Sri Tanjung (N33)

State constituency
- Legislature: Negeri Sembilan State Legislative Assembly
- MLA: Rajasekaran Gunnasekaran PH
- Constituency created: 2018
- First contested: 2018
- Last contested: 2026

Demographics
- Electors (2026): 19,590

= Sri Tanjung (state constituency) =

Electoral district in Negeri Sembilan, Malaysia

N33 Sri Tanjung within Negeri Sembilan, as used for the 2023 and 2026 state elections

Sri Tanjung is a state constituency in Negeri Sembilan, Malaysia, that has been represented in the Negeri Sembilan State Legislative Assembly.

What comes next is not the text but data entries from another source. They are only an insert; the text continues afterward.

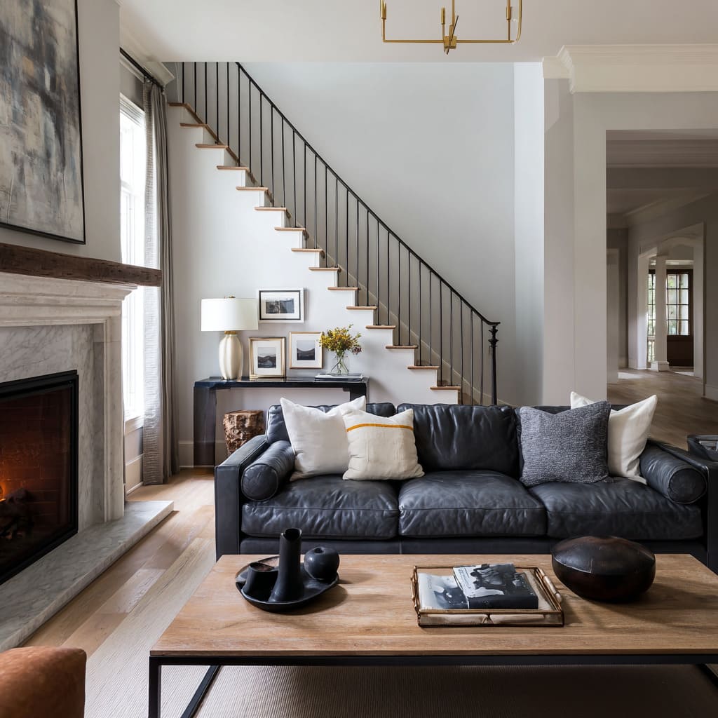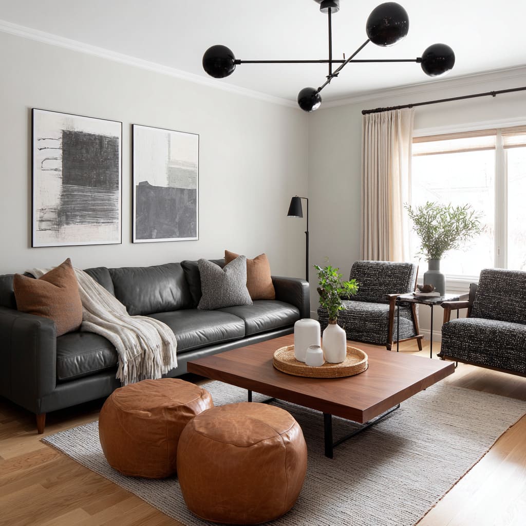 A dark sofa looks too dominant when it is the only strong material. In the most layered designs, the sofa participates in a conversation:.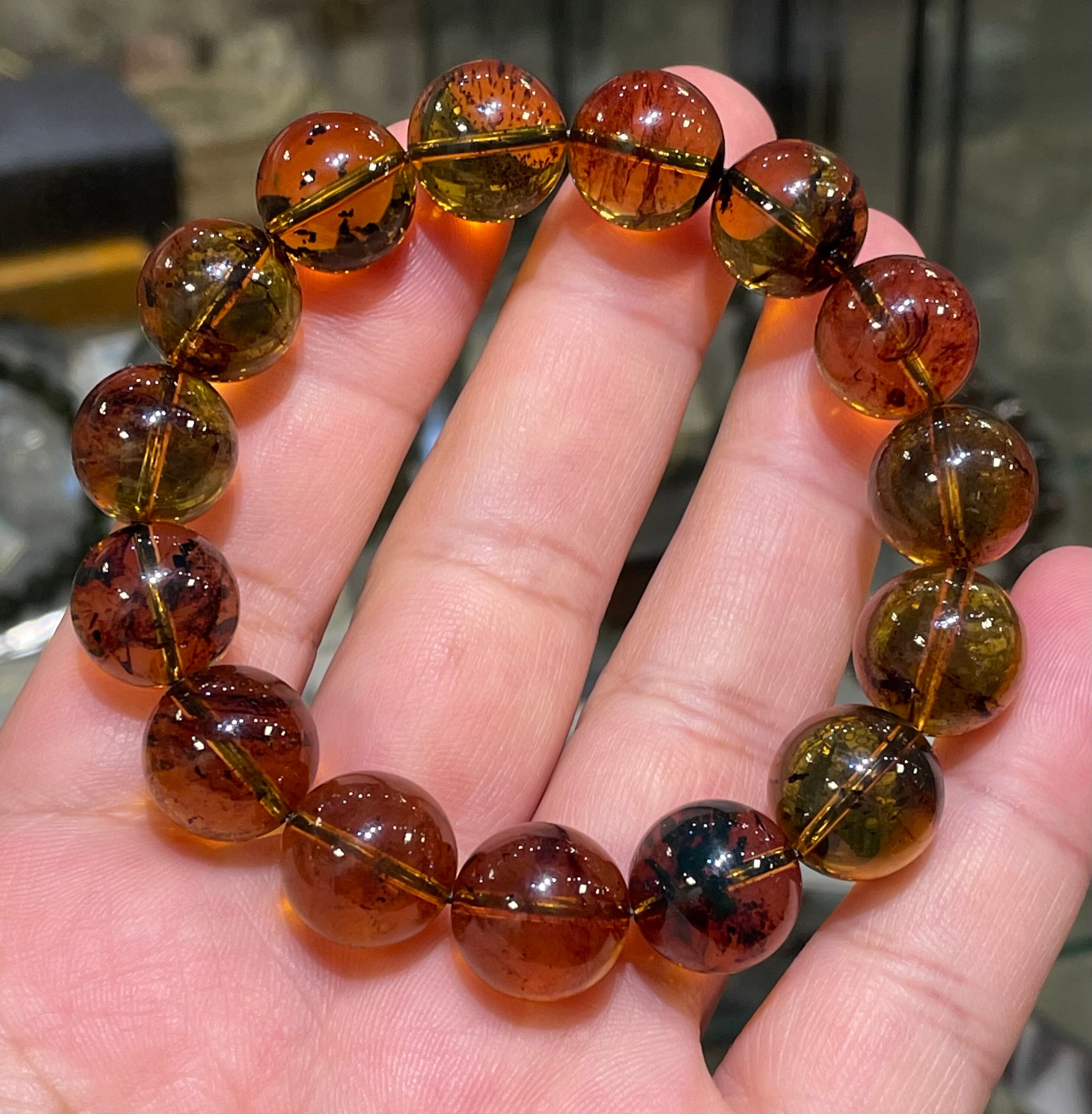 正真正銘のドミニカ共和国・サンピアゴ産、天然ブルーアンバー(青琥珀)ブレスレットです。ハイグレード のブルーアンバーを使用しています。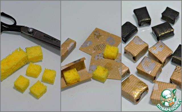 Как сделать гирлянду из бусин, думаю, понятно. Нужно просто нанизать бисер или бусины на нить. А еще можно сделать декор в виде мини-подарков, что кладут под елку. Самый простой вариант - это разрезать обычную губку для мытья посуды на квадратики нужного размера, обвернуть каждый красивой бумагой...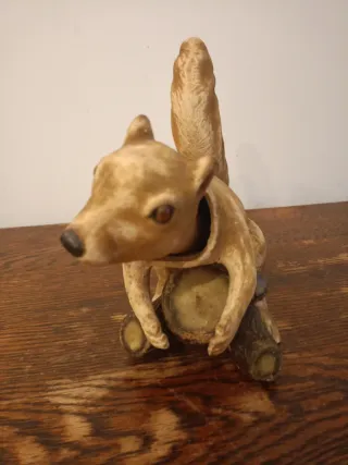 Figura antigua de ardilla con cabeza basculante. - Diseño detallado de ardilla. - Base de tronco para soporte.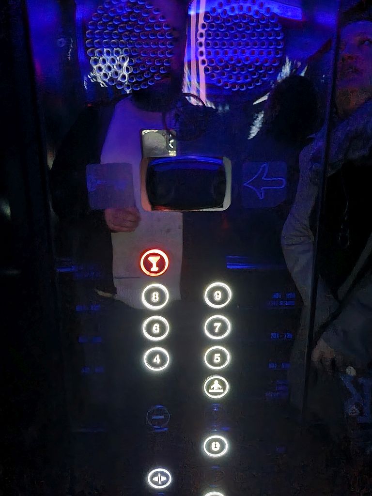 Zurück im Hotel sahen wir dann noch, dass ja im obersten Stock eine Bar ist. Zumindest fragte uns der Türsteher vor dem Hotel, ob wir in die Bar wollen. Zuerst sagten wir „nein, ins Hotel“, wo er meinte, dass, wenn wir wollen, wir von unserer Hoteletage auch direkt hoch fahren können.

The state constituency was first contested in 2018 and is mandated to return a single Assemblyman to the Negeri Sembilan State Legislative Assembly under the first-past-the-post voting system.

== History ==

===Polling districts===
According to the gazette issued on 23 July 2026, the Sri Tanjong constituency has a total of 4 polling districts.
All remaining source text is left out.